This article introduces the example of using Cheerio to create a simple web crawler. It is shared with you, with the following:
1. Goal
- Complete the acquisition of the title information of the website
- Output the obtained information in a new file
- Tools: Cheerio, use npm to download npm install cheeseio
- Cheerio's API usage method is basically the same as jQuery usage method
- If you are proficient in jQuery, then cheeseio will get started quickly
2. Code section
Introduction: Get the list title of the segment fault page, and output the obtained title list number to the file.

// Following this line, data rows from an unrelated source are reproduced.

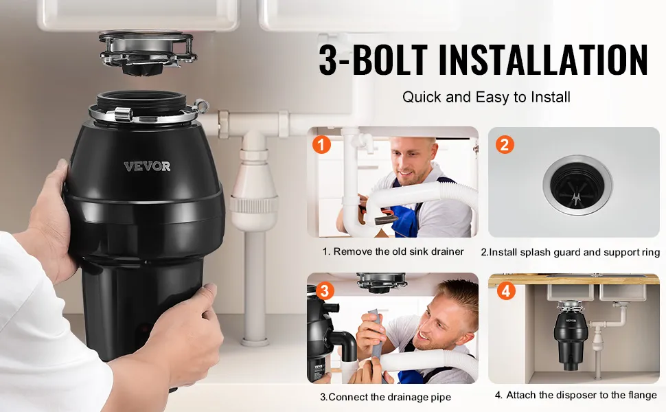 Simple 3-Bolt Installation: This garbage disposer offers easy, secure 3-bolt mounting with no special tools needed, ensuring a leak-proof connection and saving time on setup.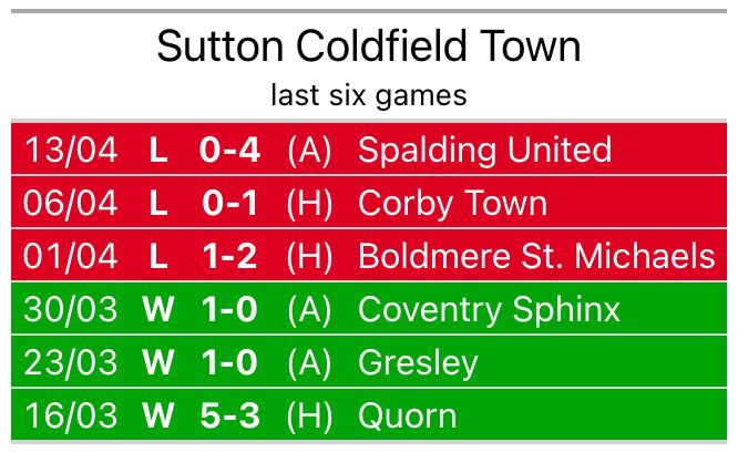 Sutton Coldfield’s last match was on April 13, a 4-0 loss against Spalding United.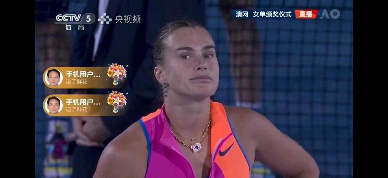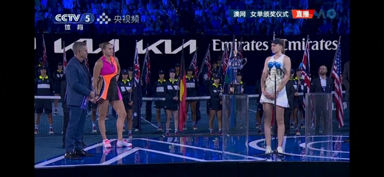 首先也是祝贺了萨伯伦卡的团队以及她过去的这几年的表现。感谢了球迷对她的支持,特别是哈萨克斯坦的球迷在现场对她的支持,也感谢了大会的每一位工作人员。这一段是对自己的团队说的。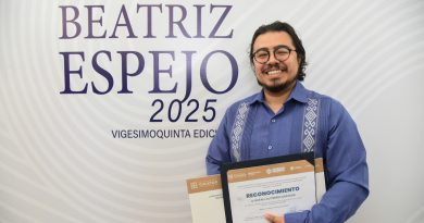 Quien también compartió que la biblioteca lleva por nombre Feliciano Sánchez Chan como reconocimiento a su trayectoria en la dramaturgia, poesía y el compromiso con el pueblo maya.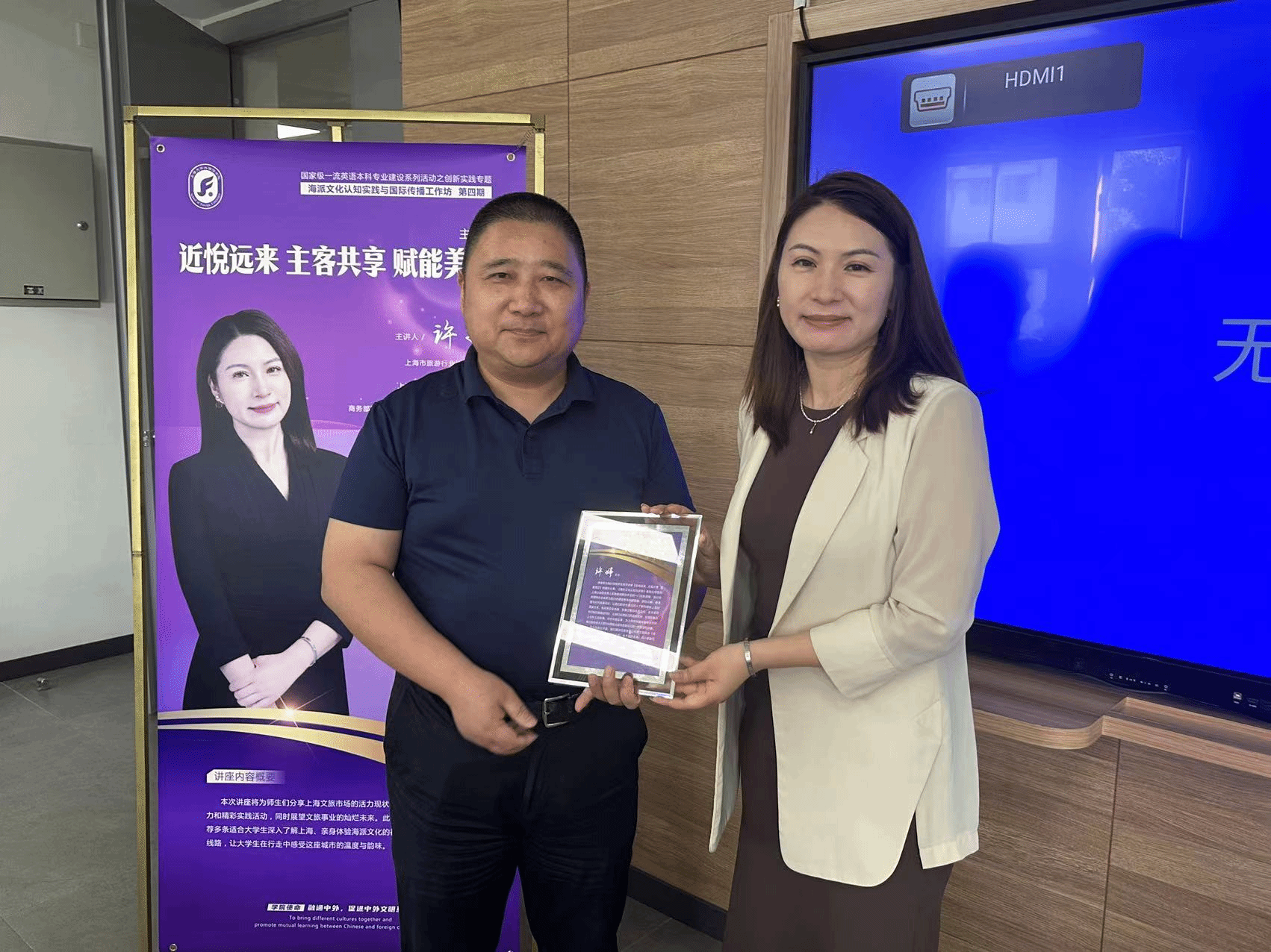 随后,戴朝晖副经理对许老师的分享进行了总结发言,表达了对同学们了解上海故事、讲好上海故事的期盼;在互动环节,许老师详细地为同学们答疑解惑。活动最后,戴朝晖老师为许婷老师赠予了感谢证书,并合影留念。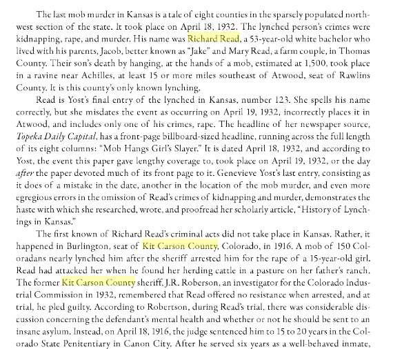 in lynching Read, she said, because in Kansas there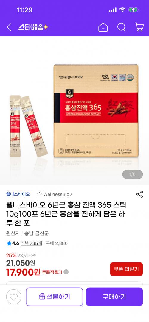 [지마켓] 웰니스바이오 6년근 홍삼 진액 365 스틱 10g100포 (17,900원/무료) > 국내핫딜
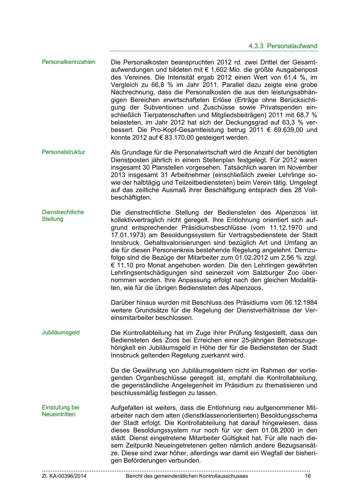 Nachrechnung, dass die Personalkosten die aus den leistungsabhängigen Bereichen erwirtschafteten Erlöse (Erträge ohne Berücksichtigung der Subventionen und Zuschüsse sowie Privatspenden einschließlich Tierpatenschaften und Mitgliedsbeiträgen) 2011 mit 68,7 %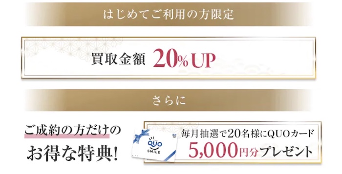 買取方法は、店頭買取・宅配買取・出張買取の3種類に対応していて、ご自分に合った方法を選べます。公式サイトでは現在(※)、出張買取限定で買取価格10%UPキャンペーンが行われているので、気になった方はチェックしてみましょう。(※2024年10月)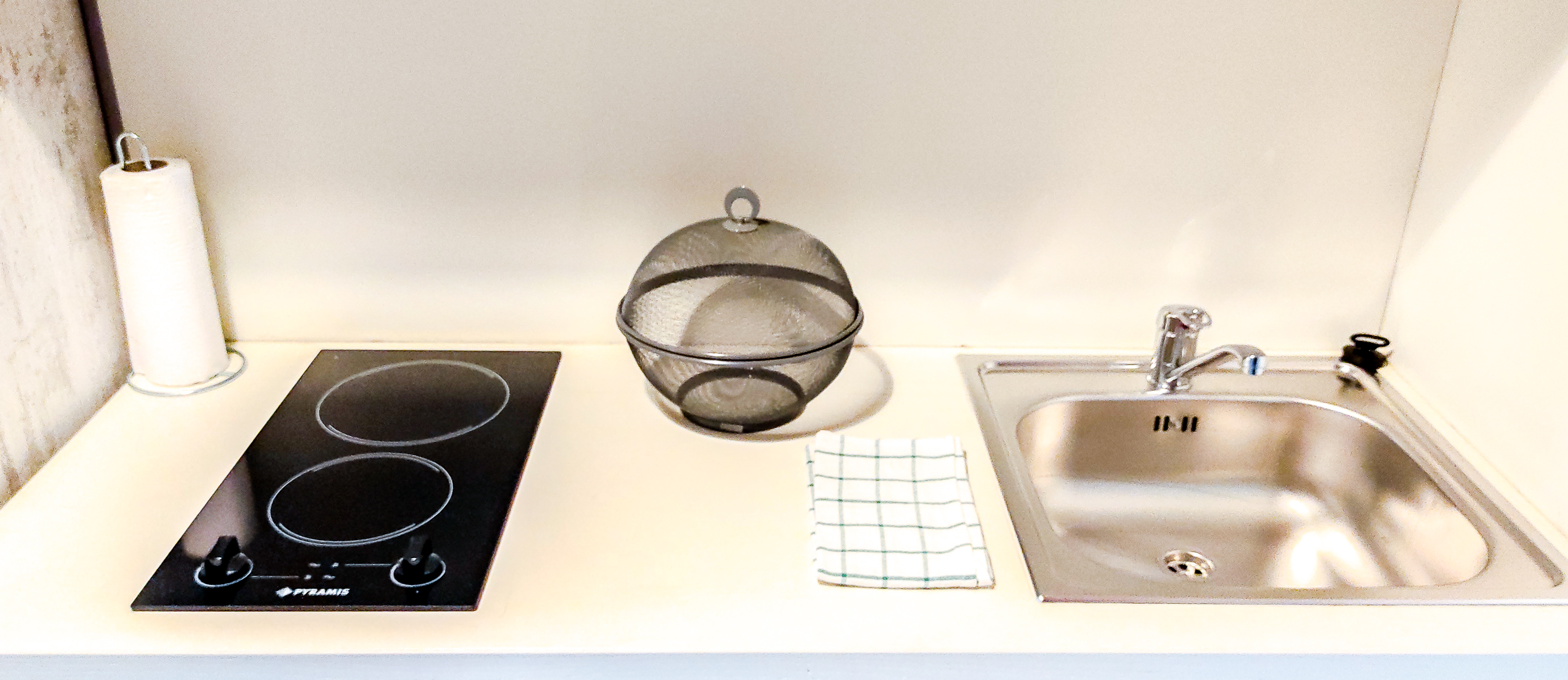 Small kitchen with sink, electric stove eyes, closets with basic kitchenware and small fridge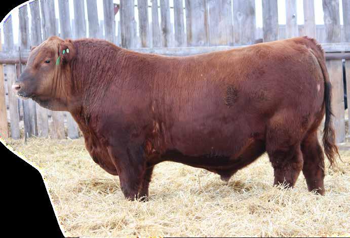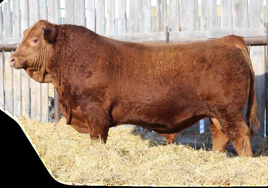Powerhouse Big Energy son here out of one of our most productive cow families. 4486B has 12 registered progeny and has raised top bulls to some of our best repeat customers over the years. Sons going to Twisted T Cattle Co., Brigden Farms and 2 sons to Sanguin Ranch. The Big Energy bull himself is a rip and his progeny in both the red and black bulls are downright impressive. A Big Energy son was the high selling bull at U2Q bull sale last spring. Interested to see who finds this outcross red herdbull.One here with serious herdbull potential. MRL retaining 1/3 semen interest

const https = require('https'); const fs = require('fs'); const cheerio = require('cheerio'); const url = '/'; (url, (res) => { let html = ''; ('data', (data) => { html += data; }); ('end', () => { getPageTitle(html); }); }).on('error', () => { ('Error getting web page information'); }); function getPageTitle(html) { const $ = (html); let chapters = $('.news__item-title'); let data = []; let index = 0; let fileName = ''; for (let i = 0; i < ; i++) { let chapterTitle = $(chapters[i]).find('a').text().trim(); index++; (`\n${index}, ${chapterTitle}`); } (fileName, data, 'utf8', (err) => { if (err) { ('Fast to create a new file in the fs file system', err); } (`The obtained title has been successfully placed in a new file${fileName}In the file`) }) }
The above is all the content of this article. I hope it will be helpful to everyone's study and I hope everyone will support me more.